I cry my salty tears into the ocean and watch it rise. The ocean is both the distance and the connection to everything I hold dear.

Other species have gone extinct before us and I live with loss and sorrow and rejoice every day. Solace is a search for rest. And someday we shall swim among seaweed for eternity – Matilde Duus, 2023.

Solace is a search for rest – solace is a search forest.


And an extra tip: Keep an eye out for LABAE and Nazila Kivi’s book launch in April organized in collaboration with Ariel.

“HAWWA. Minoritetsgjort fødsel og moderskab", containing personal stories and encounters with the health system, written by members of the writing group HAWWA – by Nazila Kivi, Uzma Farooq, Sebolelo Mohapeloa and Trine Mee Sook Gleerup.
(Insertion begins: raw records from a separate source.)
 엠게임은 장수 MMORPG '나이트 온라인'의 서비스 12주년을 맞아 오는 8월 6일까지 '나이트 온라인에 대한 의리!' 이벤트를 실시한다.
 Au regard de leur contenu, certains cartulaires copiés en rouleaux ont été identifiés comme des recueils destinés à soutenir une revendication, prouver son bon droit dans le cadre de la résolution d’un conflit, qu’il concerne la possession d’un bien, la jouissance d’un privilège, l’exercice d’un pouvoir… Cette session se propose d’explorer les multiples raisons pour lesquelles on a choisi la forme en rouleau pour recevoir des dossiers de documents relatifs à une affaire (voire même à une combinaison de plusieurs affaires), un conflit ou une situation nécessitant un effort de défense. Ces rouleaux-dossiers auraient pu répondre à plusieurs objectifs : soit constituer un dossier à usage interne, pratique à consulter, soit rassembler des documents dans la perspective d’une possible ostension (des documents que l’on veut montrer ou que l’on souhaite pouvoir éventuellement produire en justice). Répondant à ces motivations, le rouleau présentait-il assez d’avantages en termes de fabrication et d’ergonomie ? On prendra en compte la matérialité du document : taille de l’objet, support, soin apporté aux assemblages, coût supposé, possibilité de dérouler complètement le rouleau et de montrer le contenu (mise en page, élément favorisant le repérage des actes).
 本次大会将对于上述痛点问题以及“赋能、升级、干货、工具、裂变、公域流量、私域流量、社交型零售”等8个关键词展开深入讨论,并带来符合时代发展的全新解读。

The publication HAWWA is published by Laboratory for Aesthetics and Ecology and will be launched at Det Lilla Rum.” (from Ariel’s newsletter).

Nazila Kivi is a woman I’ve admired since I read the catalogue text to Ida Sønder Thorhauges solo show at Overgaden, in which she wrote about the taboo of breastfeeding (amning rimer på udskamning). Kivi makes a clear point by stating that care is incompatible with capitalism.
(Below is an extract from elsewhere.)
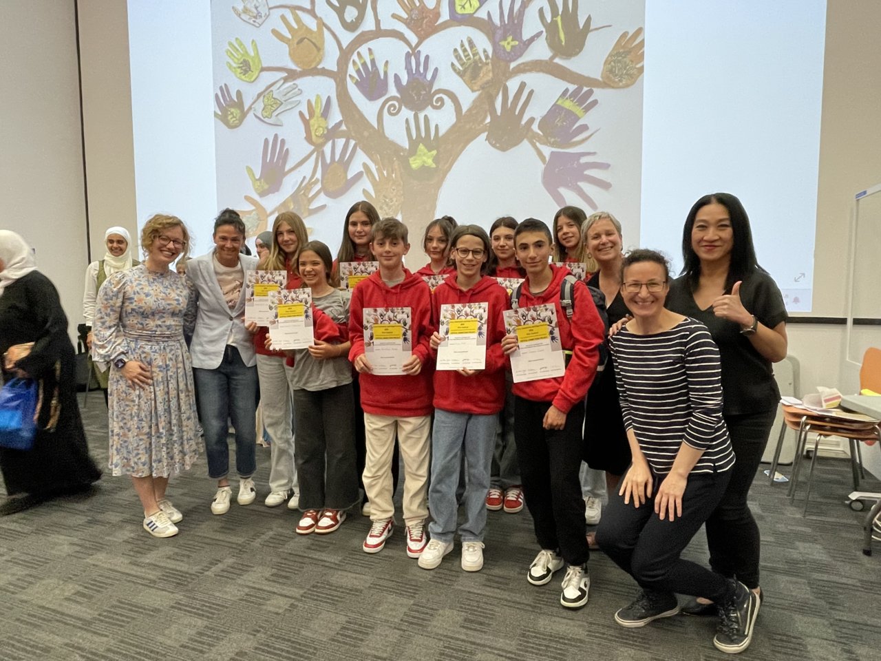 Die Jugendlichen erforschten auf fantasievolle und kritische Weise diese zentralen Themen unserer Zeit und brachten ihre Erkenntnisse in beeindruckenden Kurzfilmen zum Ausdruck. Die vier Filme der Südtiroler Schülerinnen und Schüler erzählten lebendige, mehrsprachige Geschichten. Sie zeigten bedeutungsvolle Aktionen und veranschaulichten, wie Kinder und Jugendliche kreative Wege finden, Konflikte zu lösen, Hoffnung zu schöpfen und generationsübergreifende Freundschaften aufzubauen. Diese Werke waren Teil der insgesamt 19 Kurzfilme, die im Rahmen des Festivals in 19 verschiedenen Sprachen präsentiert wurden. Olga Kmit und Brett Hodges vom Maria-Hueber-Gymnasium sowie Elfi Troi in Mühlbach arbeiteten intensiv mit den Jugendlichen. Die Direktorinnen Heidi Hintner (Bozen) und Monika Schwingshackl (Mühlbach) setzen immer wieder besondere Akzente und führen die Privatschulen mit viel Einsatz und Professionalität. Judith Rifeser aus Südtirol, die in London lebt und arbeitet und für das multilinguale digitale Storytelling-Projekt „Critical Connections“ als Co-Direktorin mitverantwortlich ist, hat den Aufenthalt der Südtiroler Jugendlichen organisiert und begleitet und das Projekt mitgetragen. Sie ist die Schwester der Kirchenhistorikerin und Maria-Hueber-Expertin Sr. Anna Elisabeth Rifeser.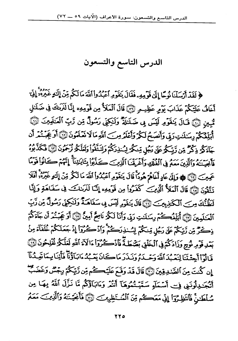 {لَقَدْ أَرْسَلْنَا نُوحاً إِلَى قَوْمِهِ فَقَالَ يَا قَوْمِ اعْبُدُواْ اللَّهَ مَا لَكُم مِّنْ إِلَهٍ غَيْرُهُ إِنِّيَ أَخَافُ عَلَيْكُمْ عَذَابَ يَوْمٍ عَظِيمٍ (59) قَالَ الْمَلأُ مِن قَوْمِهِ إِنَّا لَنَرَاكَ فِي ضَلاَلٍ مُّبِينٍ (60) قَالَ يَا قَوْمِ لَيْسَ بِي ضَلاَلَةٌ وَلَكِنِّي رَسُولٌ مِّن رَّبِّ الْعَالَمِينَ (61) أُبَلِّغُكُمْ رِسَالاَتِ رَبِّي وَأَنصَحُ لَكُمْ وَأَعْلَمُ مِنَ اللهِ مَا لاَ تَعْلَمُونَ (62) أَوَعَجِبْتُمْ أَن جَاءكُمْ ذِكْرٌ مِّن رَّبِّكُمْ عَلَى رَجُلٍ مِّنكُمْ لِيُنذِرَكُمْ وَلِتَتَّقُواْ وَلَعَلَّكُمْ تُرْحَمُونَ (63) فَكَذَّبُوهُ فَأَنجَيْنَاهُ وَالَّذِينَ مَعَهُ فِي الْفُلْكِ وَأَغْرَقْنَا الَّذِينَ كَذَّبُواْ بِآيَاتِنَا إِنَّهُمْ كَانُواْ قَوْماً عَمِينَ (64) وَإِلَى عَادٍ أَخَاهُمْ هُوداً قَالَ يَا قَوْمِ اعْبُدُواْ اللهَ مَا لَكُم مِّنْ إِلَهٍ غَيْرُهُ أَفَلاَ تَتَّقُونَ (65) قَالَ الْمَلأُ الَّذِينَ كَفَرُواْ مِن قَوْمِهِ إِنَّا لَنَرَاكَ فِي سَفَاهَةٍ وِإِنَّا لَنَظُنُّكَ مِنَ الْكَاذِبِينَ (66) قَالَ يَا قَوْمِ لَيْسَ بِي سَفَاهَةٌ وَلَكِنِّي رَسُولٌ مِّن رَّبِّ الْعَالَمِينَ (67) أُبَلِّغُكُمْ رِسَالاتِ رَبِّي وَأَنَاْ لَكُمْ نَاصِحٌ أَمِينٌ (68) أَوَعَجِبْتُمْ أَن جَاءكُمْ ذِكْرٌ مِّن رَّبِّكُمْ عَلَى رَجُلٍ مِّنكُمْ لِيُنذِرَكُمْ وَاذكُرُواْ إِذْ جَعَلَكُمْ خُلَفَاء مِن بَعْدِ قَوْمِ نُوحٍ وَزَادَكُمْ فِي الْخَلْقِ بَسْطَةً فَاذْكُرُواْ آلاء اللهِ لَعَلَّكُمْ تُفْلِحُونَ (69) قَالُواْ أَجِئْتَنَا لِنَعْبُدَ اللهَ وَحْدَهُ وَنَذَرَ مَا كَانَ يَعْبُدُ آبَاؤُنَا فَأْتِنَا بِمَا تَعِدُنَا إِن كُنتَ مِنَ الصَّادِقِينَ (70) قَالَ قَدْ وَقَعَ عَلَيْكُم مِّن رَّبِّكُمْ رِجْسٌ وَغَضَبٌ أَتُجَادِلُونَنِي فِي أَسْمَاء سَمَّيْتُمُوهَا أَنتُمْ وَآبَآؤكُم مَّا نَزَّلَ اللهُ بِهَا مِن سُلْطَانٍ فَانتَظِرُواْ إِنِّي مَعَكُم مِّنَ الْمُنتَظِرِينَ (71) فَأَنجَيْنَاهُ

In her speech at Mads Nørgaard på Strøget March 8th 2023 Nazila Kivi pays homage to all the women in Tehran who went on the streets March 8th 1979, celebrating international womens day and protesting against mandatory hijab. She also pays tribute to the women of Iran who are fighting for their rights, their freedom and their lives these days. I remember she says that mothers bury their daughters in the ground as seeds planted in the soil to grow and spread all over the world...


Malou Solfjeld is an art historian and curator working with notions of be-coming, co-habiting, collectivity, care, ecology and environment – bodily, mentally and geopolitically. She has contributed to idoart.dk since 2020 with essays, reviews, and travel journals. In 2022 she is becoming a mother and will continue to reflect on what it means to find home, come home, be at home or become a home, on Planet Earth, and how to feel at home within oneself, in times dominated by several entangled crises.